According to a new Akamai analysis, the company's experts classified about 79 million domains as dangerous in the first half of 2022; based on a NOD (newly observed domain) dataset, this is about 13 million malicious domains per month, representing 20.1% of all the successfully resolved NODs.
According to Akamai, a NOD is any domain queried for the first time in the last 60 days. And by “malicious,” it means a domain name that leads to a site meant to phish, spread malware or do some other kind of damage online.
Akamai said, “[The NOD dataset] is where you find freshly registered domain names, typos, and domains that are only very rarely queried on a global scale.” The company observes about 12 million new NODs daily, of which slightly more than 2 million are successfully resolved.

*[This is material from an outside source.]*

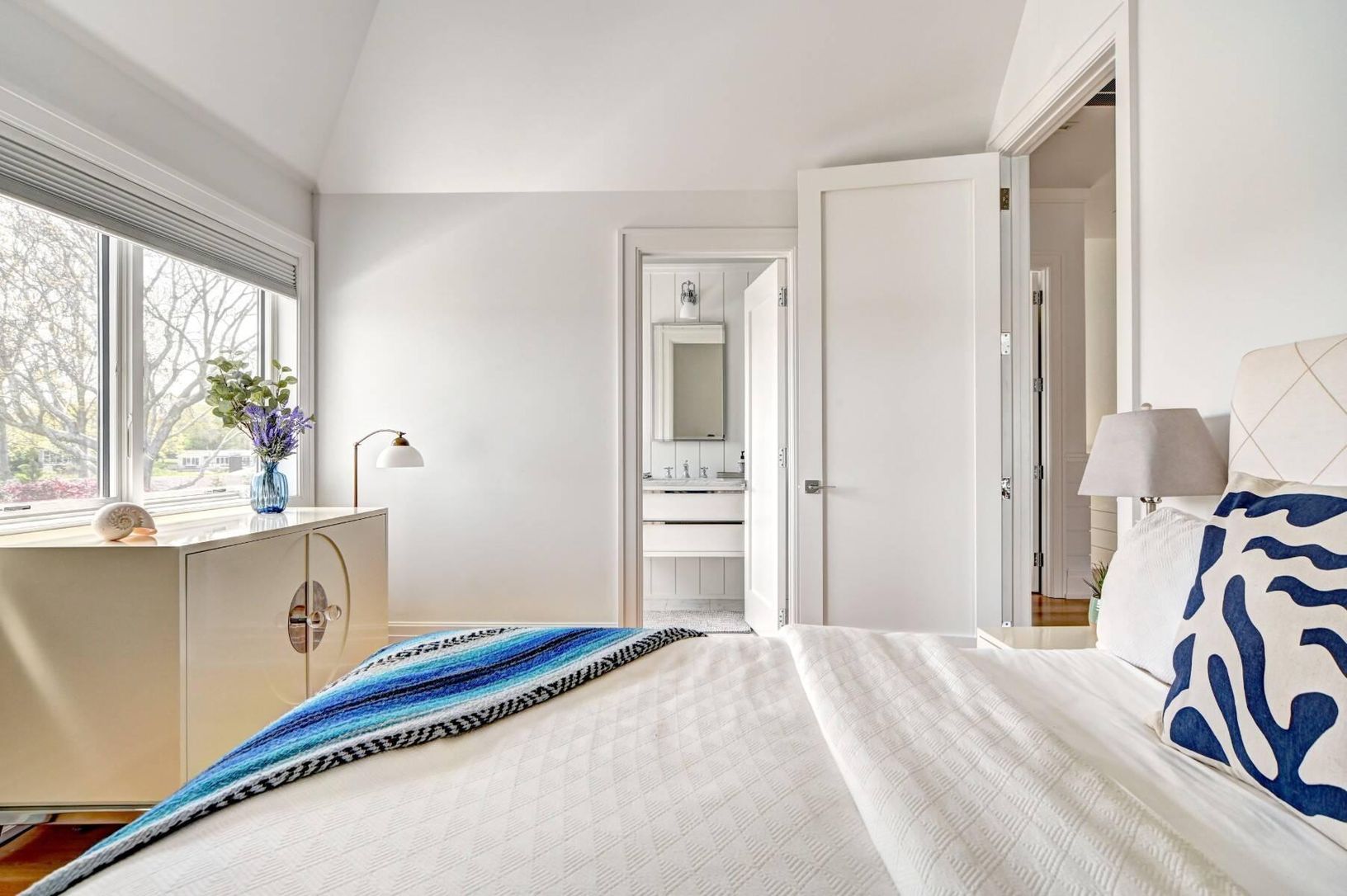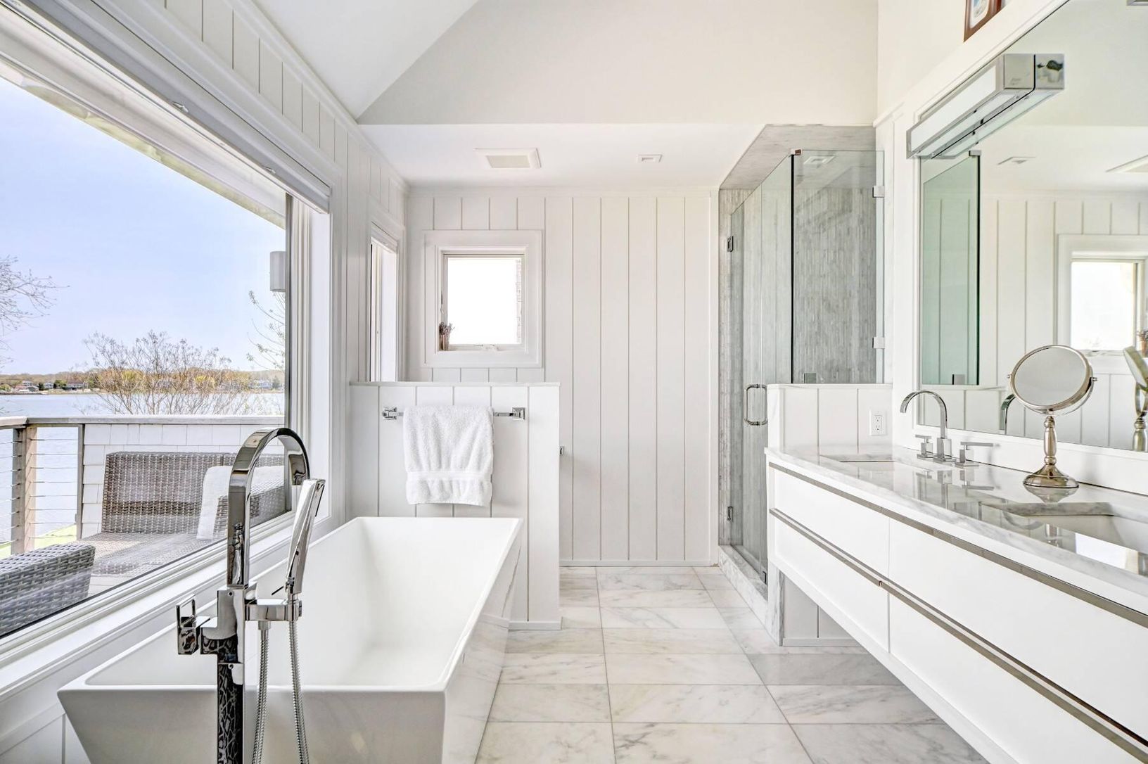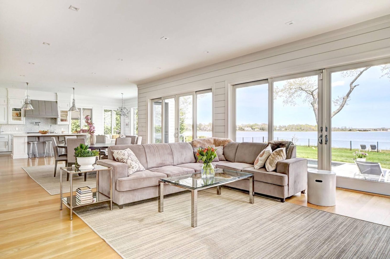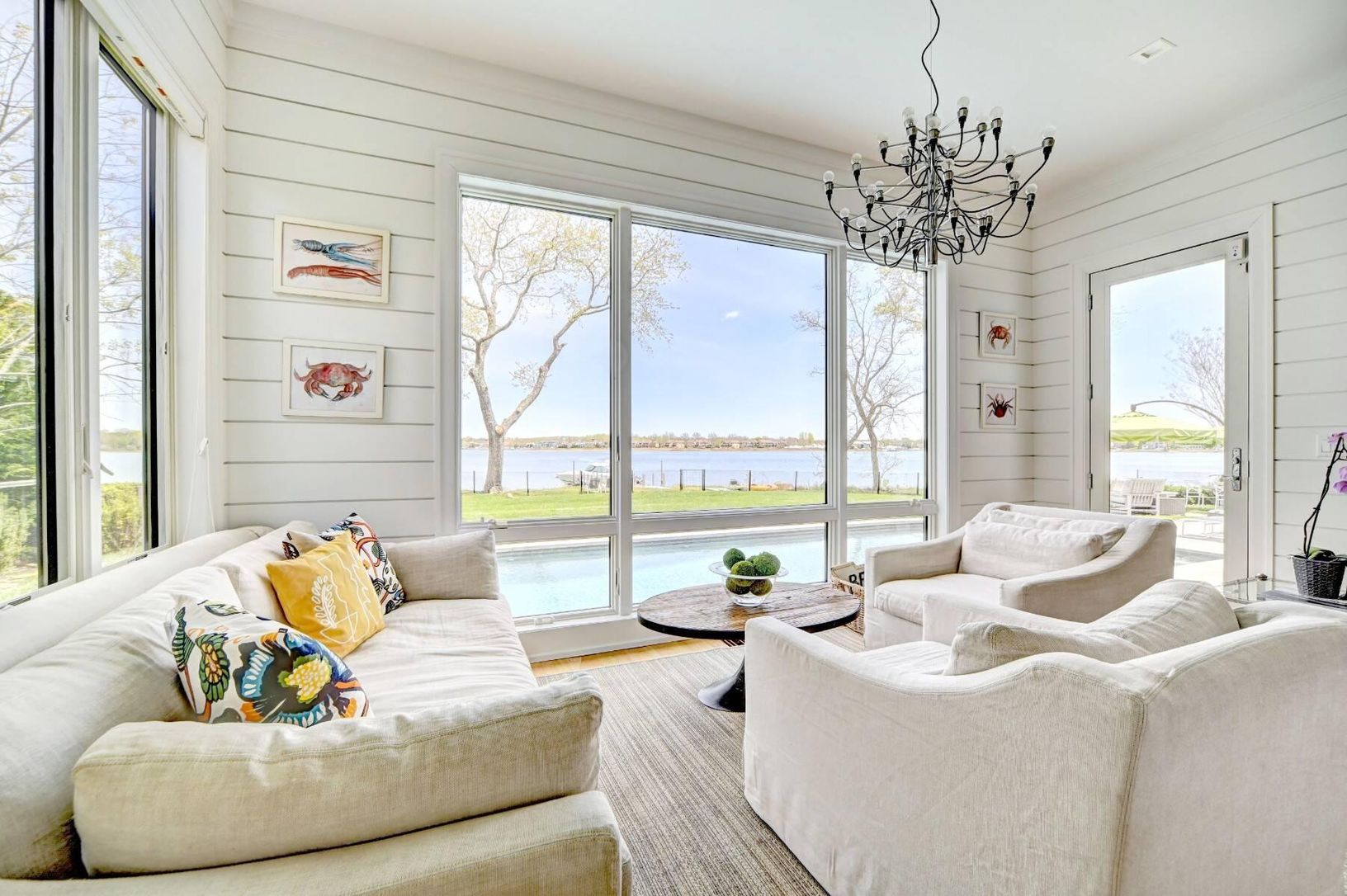 MD-June $90,000; September $50,000; 2 Weeks $45,000 Set on a manicured 0.60+/- acre waterfront parcel on a secluded Bay Point peninsula with dramatic water views of Sag Harbor Village, this recently built and immaculately maintained, 6 bedroom, white shingle traditional, with a stylish, standing seam metal roof, offers a 115+/- foot deep water dock, waterside heated, gunite, salt water pool and spa, finished lower level, and an attached garage

The organization uses relatively simple procedures to determine whether a domain is harmful or not. With the assistance of the larger cybersecurity community, Akamai compiled a 30-year predictive list of known domain generation algorithms (DGAs) that may be used to detect domains registered with DGAs.
Since DGA domains may be created in quantity for even temporary campaigns, hackers frequently use them to distribute malware and host phishing pages. Think of DGAs as places on the internet where malware and other things can meet up and use them.
According to the company, most of Akamai's malicious domain detections come from the “more than 190 NOD-specific detection criteria” it employs for NOD-based detection. They also mentioned that among the 79 million malicious NODs it discovered in the first half of the year, there were only 0.00042 percent false positives.
There are other options than Akamai's NOD detection, such as Cisco's “newly seen domain” detection system, which scans DNS data and alerts users to potentially dangerous websites.
Although it's unclear how those services stack up against Akamai's, their end objectives seem to be comparable and indicate that NODs are a well-known security issue that other businesses are seeking to address.